__Work order__. Your job with the data below: print everything from the line that holds "關於 UYS 外匯交易商的合法性,它日本 FSA,在(也有關於安全的實勘調查)。" down to the line that holds "This girl finds", ends included, exactly, and nothing else.

__Records supplied__.
>>>
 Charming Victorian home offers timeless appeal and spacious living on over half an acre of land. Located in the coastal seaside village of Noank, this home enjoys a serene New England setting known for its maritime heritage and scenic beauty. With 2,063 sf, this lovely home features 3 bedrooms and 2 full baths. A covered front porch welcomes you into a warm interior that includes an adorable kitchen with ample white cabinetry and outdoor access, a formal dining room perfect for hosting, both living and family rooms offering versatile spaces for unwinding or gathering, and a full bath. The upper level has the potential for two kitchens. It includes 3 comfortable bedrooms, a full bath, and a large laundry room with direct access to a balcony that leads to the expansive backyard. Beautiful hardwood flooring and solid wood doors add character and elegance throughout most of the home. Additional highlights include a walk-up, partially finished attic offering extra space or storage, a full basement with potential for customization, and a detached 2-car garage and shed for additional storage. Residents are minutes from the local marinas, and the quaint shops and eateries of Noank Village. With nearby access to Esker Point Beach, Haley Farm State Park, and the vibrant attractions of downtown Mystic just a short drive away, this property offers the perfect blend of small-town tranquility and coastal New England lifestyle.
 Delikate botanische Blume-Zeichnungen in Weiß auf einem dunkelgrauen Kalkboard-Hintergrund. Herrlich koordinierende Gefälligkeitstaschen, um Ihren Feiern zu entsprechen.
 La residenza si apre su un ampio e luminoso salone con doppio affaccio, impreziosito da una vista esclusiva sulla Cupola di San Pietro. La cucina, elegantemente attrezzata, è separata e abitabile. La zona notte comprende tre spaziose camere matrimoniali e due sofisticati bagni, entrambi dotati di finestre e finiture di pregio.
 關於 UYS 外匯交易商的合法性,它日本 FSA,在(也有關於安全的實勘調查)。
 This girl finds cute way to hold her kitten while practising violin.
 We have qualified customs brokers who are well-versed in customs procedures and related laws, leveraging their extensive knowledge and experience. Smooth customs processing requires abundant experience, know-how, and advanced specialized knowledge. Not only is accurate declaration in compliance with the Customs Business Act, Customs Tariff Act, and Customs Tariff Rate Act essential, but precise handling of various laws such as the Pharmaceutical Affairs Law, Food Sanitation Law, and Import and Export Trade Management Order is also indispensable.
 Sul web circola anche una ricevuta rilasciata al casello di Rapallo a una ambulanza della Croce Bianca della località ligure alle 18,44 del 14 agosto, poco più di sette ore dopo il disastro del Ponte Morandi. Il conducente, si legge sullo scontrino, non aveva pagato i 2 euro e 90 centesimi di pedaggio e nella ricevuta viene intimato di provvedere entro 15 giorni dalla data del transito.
<<<
>>>
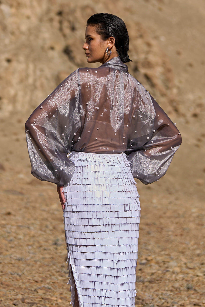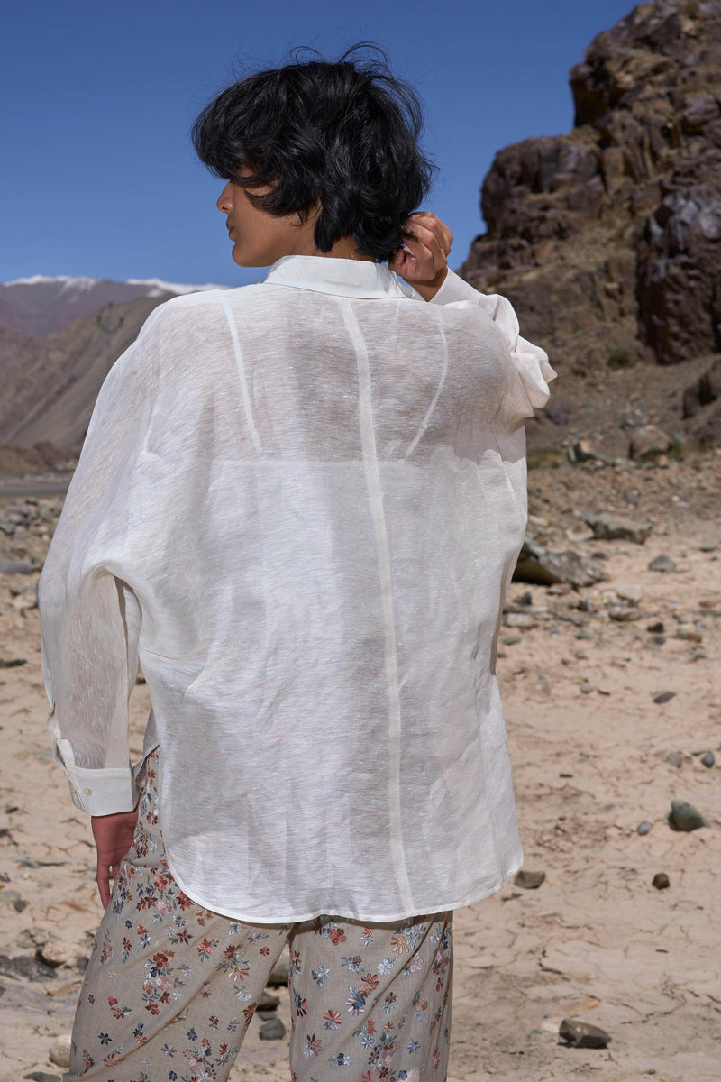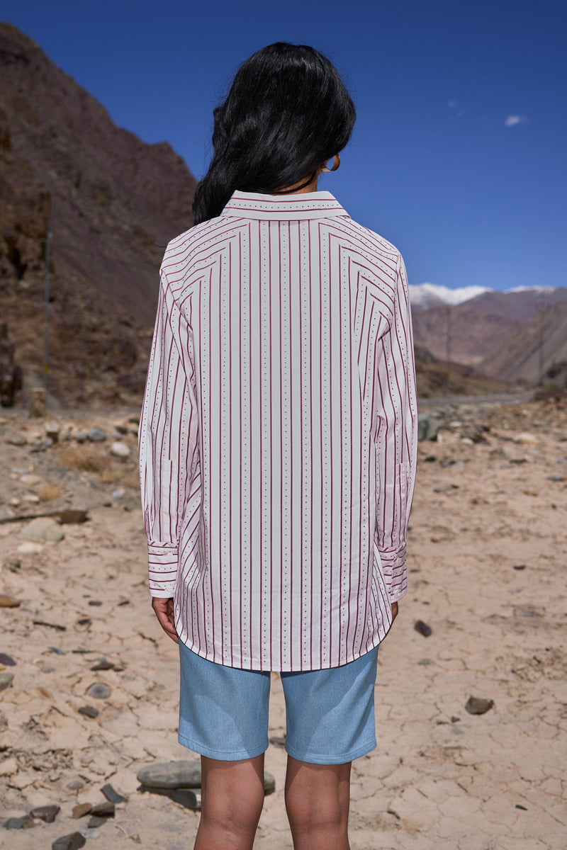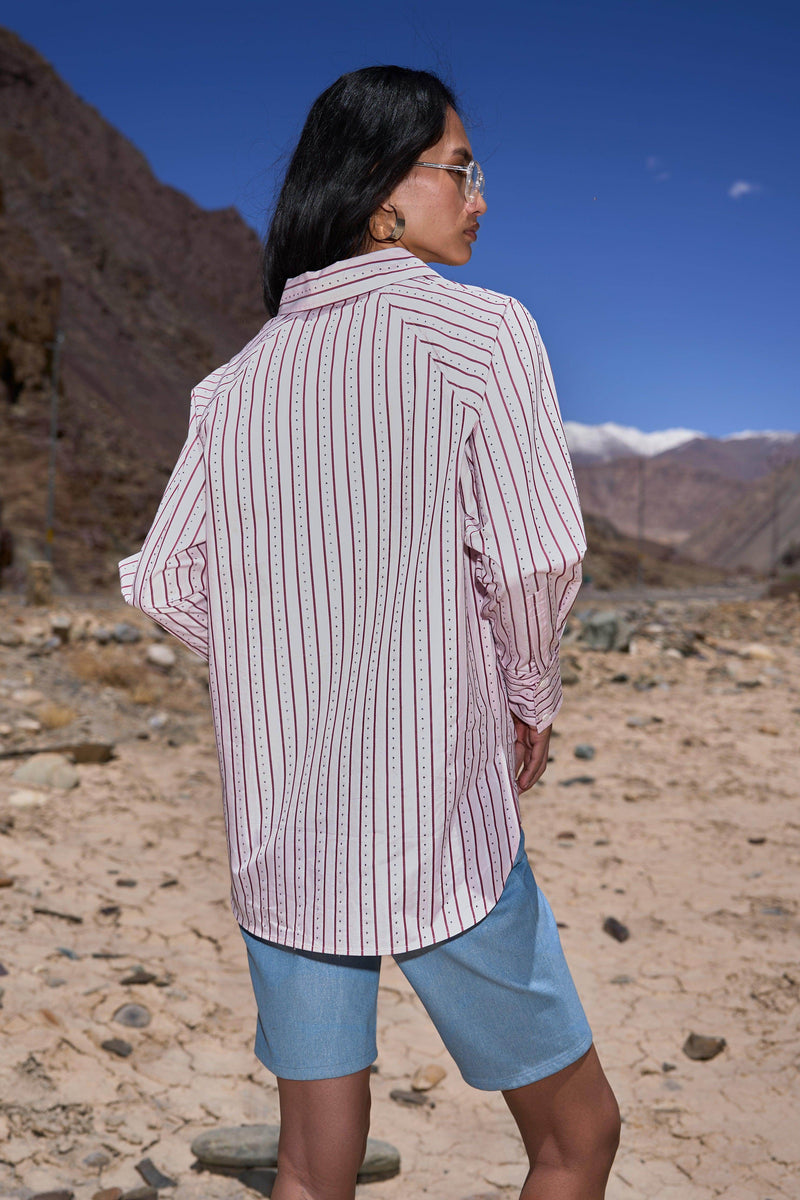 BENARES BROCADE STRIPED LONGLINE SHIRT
<<<
__Expected answer__.
 關於 UYS 外匯交易商的合法性,它日本 FSA,在(也有關於安全的實勘調查)。
 This girl finds cute way to hold her kitten while practising violin.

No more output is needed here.